The problems I've had with comfort have nothing to do with items inside the pack poking me or with anything rubbing me the wrong way. In fact, the padding on the back panel and on the shoulder straps feels adequate and is still in good shape. The stretchy straps on the shoulder pads have faded in stretch so they are not much of a factor either. I think the overarching issue is simply the torso length. Since day one it has always felt too short. As such, other areas did no ride as well as they must in order to create a comfortable fit. As I mentioned in the Field Report I stopped using the hip belt as a way to alleviate the "ride-up" factor, which helped a little but left the unwanted consequence of a less stable pack and all weight being transferred to my shoulders. Another strike against overall comfort and somewhat of a catch-twenty-two really.

As for my qualms with the Navarino's load capacity, I'm apparently not the type of hiker to just zoom off with a bottle of water and a granola bar, even when I am hiking without my kids or dogs. Despite dropping or rearranging some of my standard gear I felt the pack was always operating at near capacity. This brought on situations in which I either transferred gear to my pockets, a front pack or dog backpack or I didn't carry as much water (a no no in the desert). When the water need could not be overlooked and I was forced to add a hydration reservoir the already overcrowded main compartment became even less capacious. This just doesn't work for me. I like flexibility in a pack and I felt I was always making compromises with the Navarino.

Additionally, even though the "internal, on-the-fly compression system" is a main feature of this pack, I rarely had the need for it because decreasing the size of the bag would have been counterproductive.
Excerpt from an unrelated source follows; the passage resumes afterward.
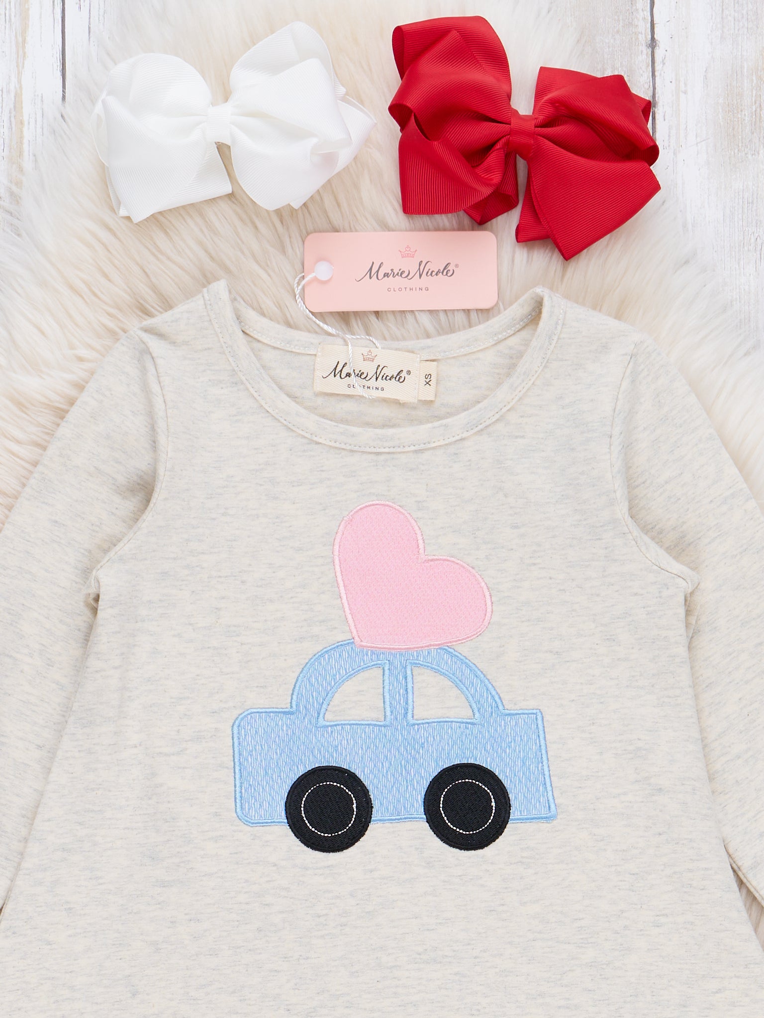 Feel the love with this playful Red Heart Car sibling set! Perfect for Valentine's Day, this girls romper features a yellow striped bodice with an embroidered car and fun vibrant red ruffle leggings. Make a statement and show some  Valentine's Day love with this stylish and unique romper by Marie Nicole Clothing!

I don't want my whole report to sound negative, however. There are several excellent features on this pack. Firstly, it has held up well to my several times per week use. Even the fabric on the slider to which the sternum strap attaches has lasted. I was sure plastic rubbing on nylon would be a problem but thus far, it has not been. The areas of mesh have also performed better than expected in the desert environment through which I routinely traipse. There were several occasions where the mesh picked up branches or caught on something spiky but no serious entanglements or damage occurred.

Secondly, the exterior compartments all worked really well. These include the pockets on the waist belt, the side compartments and the extendable front pocket. I liked them all. Although hard to open one-handed the waist pouches were roomy enough for everything I needed to store. The side pockets performed beautifully with every water bottle I carried. They were just the right height to keep the bottles stable but still allow access. The only time they failed was when the inside of the main pack body was extra full. This made it much harder to get the bottle in and out without assistance. The extendable front pocket was super handy for quick grab stuff like my fleece or rain jacket. I only wish it was bigger.

Final Thoughts Back to contents

The Gregory Navarino Women's Daypack has some well thought-out concepts but it didn't work for my style of day hiking. I need a pack with a bit more storage capacity and one that works more effectively for my torso size. Unfortunately, the Navarino missed the mark on both these needs. It did meet my expectations regarding the quality and durability of its materials which held up well and didn't retain any noticeable odors over the four month testing period.

My thanks to Gregory and Backpackgeartest.org for the opportunity to be involved with this test series. It's been interesting and I hope my experiences and comments prove useful.